Material supplied:
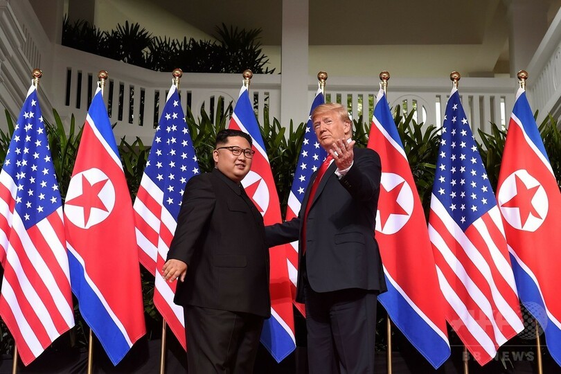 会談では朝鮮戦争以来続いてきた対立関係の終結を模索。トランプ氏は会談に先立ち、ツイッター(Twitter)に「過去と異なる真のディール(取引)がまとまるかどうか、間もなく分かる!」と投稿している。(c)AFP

---

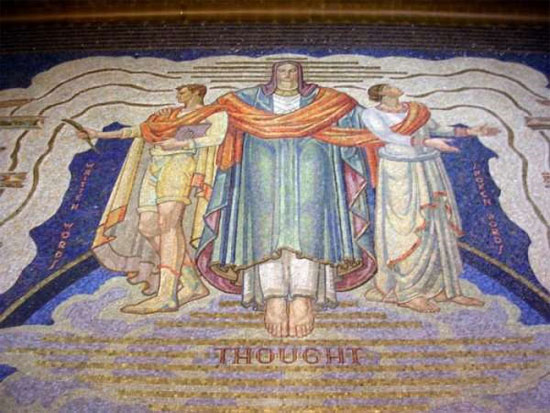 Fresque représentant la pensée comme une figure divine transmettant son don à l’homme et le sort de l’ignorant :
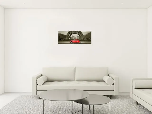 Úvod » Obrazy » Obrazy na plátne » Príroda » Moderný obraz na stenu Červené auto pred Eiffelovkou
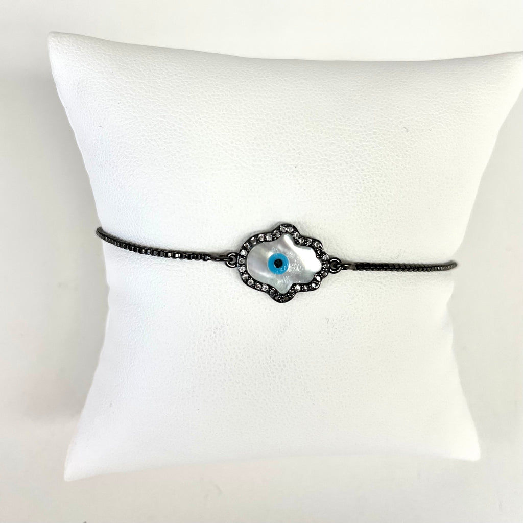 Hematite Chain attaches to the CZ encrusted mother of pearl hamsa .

What this task involves: The line holding "auto pred Eiffelovkou" starts the copy and the line holding "Hematite Chain attaches" ends it. Repeat those two lines above and all between them exactly, leaving out pictures.

Problem solution:
 Úvod » Obrazy » Obrazy na plátne » Príroda » Moderný obraz na stenu Červené auto pred Eiffelovkou
 Hematite Chain attaches to the CZ encrusted mother of pearl hamsa .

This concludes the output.